Long story short, we live in different states, we met randomly a while back, became friends online, and then started dating after he came to visit me. We see each other frequently, at least once a month, talk every day. He is planning to move to my city in a couple of months and has been working extremely hard to find a job in my area. The plan is for us to live together once he moves here.

 

Because of the distance, we've always had to plan everything, and we've never been in the same city without staying together. It feels like we've always been living together and never had a traditional dating phase. On top of that, because he is moving here to be with me, I feel obligated to be with him. I am feeling unsure about the relationship, and I feel incredibly guilty about that because of the situation.

 

I have often felt with him like he doesn't really challenge me, doesn't seduce me, doesn't ever surprise me. I've approached this subject carefully with him-- he says he actually agrees with me on everything, doesn't want to risk pressuring me into sex, and wants to do what I want to do most of the time. I feel like I'm supposed to be grateful that I have someone who treats me like a princess and actually thinks I am the greatest thing ever. He once told me about a girl who tried to flirt with him, and he promptly told her that he had a girlfriend.
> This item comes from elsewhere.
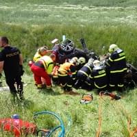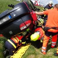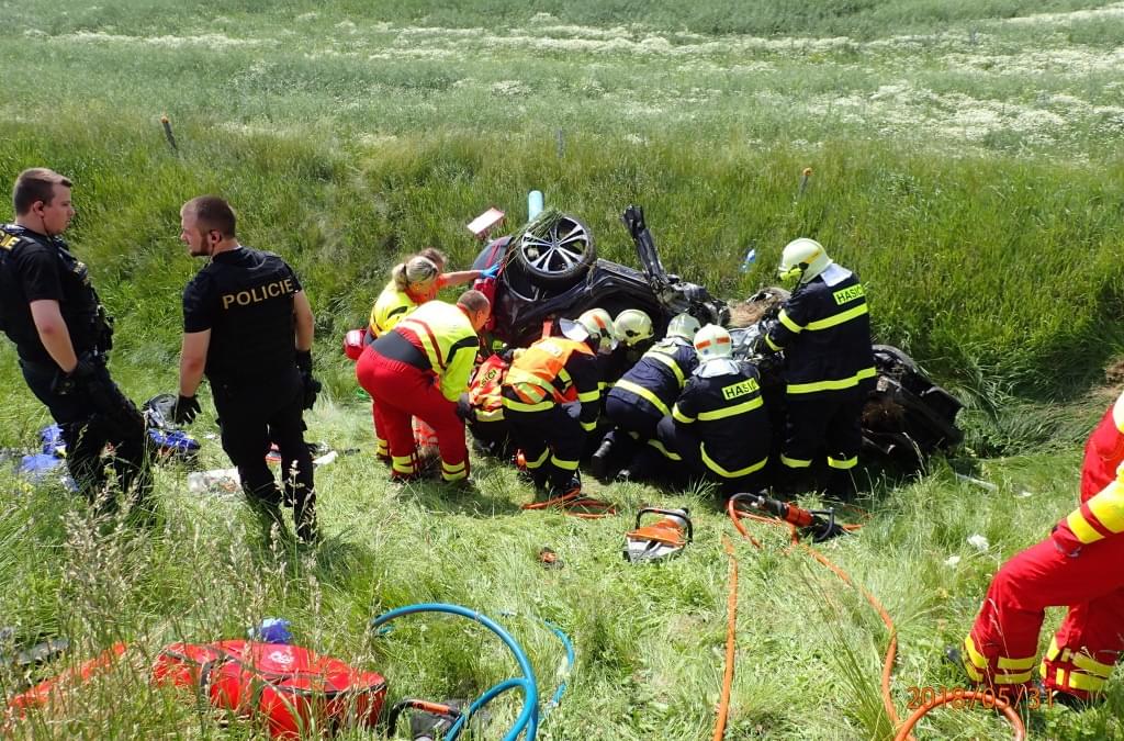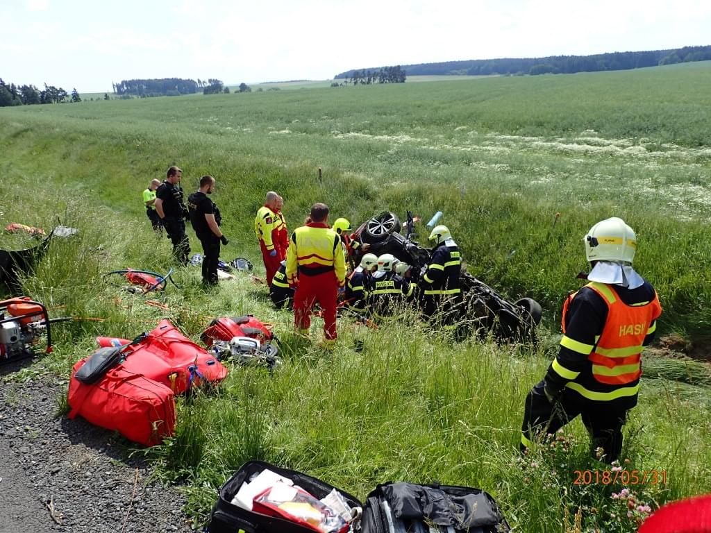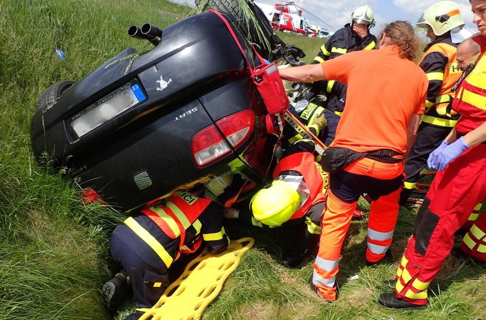 Došlo ke střetu vozů, vozidlo Seat se po nárazu několikrát převrátilo a skončilo na střeše v příkopu. Řidiče Seatu i jeho mladou spolujezdkyni museli z vraku vyprostit a následně letecky transportovat do nemocnice.

I found myself hating that he told me this. I want him to harmlessly appreciate other women. I don't want to be worshipped. I also want him to disagree with me sometimes. I don't want to feel like I've won him for life, I want to feel like impressing him, and I just don't feel that need anymore.

 

I find myself wondering if I only feel this way because I've been in bad relationships in the past, and I'm just missing the thrill. Or if I'm just freaking out because I'm about to move in with someone for the first time. Or, if *everyone* feels this discontent after being in a relationship for a while, and I need to get over it if I'm ever going to experience a stable relationship.

 

I'm completely confused. Anyone here had similar experiences, or have some perspective on this?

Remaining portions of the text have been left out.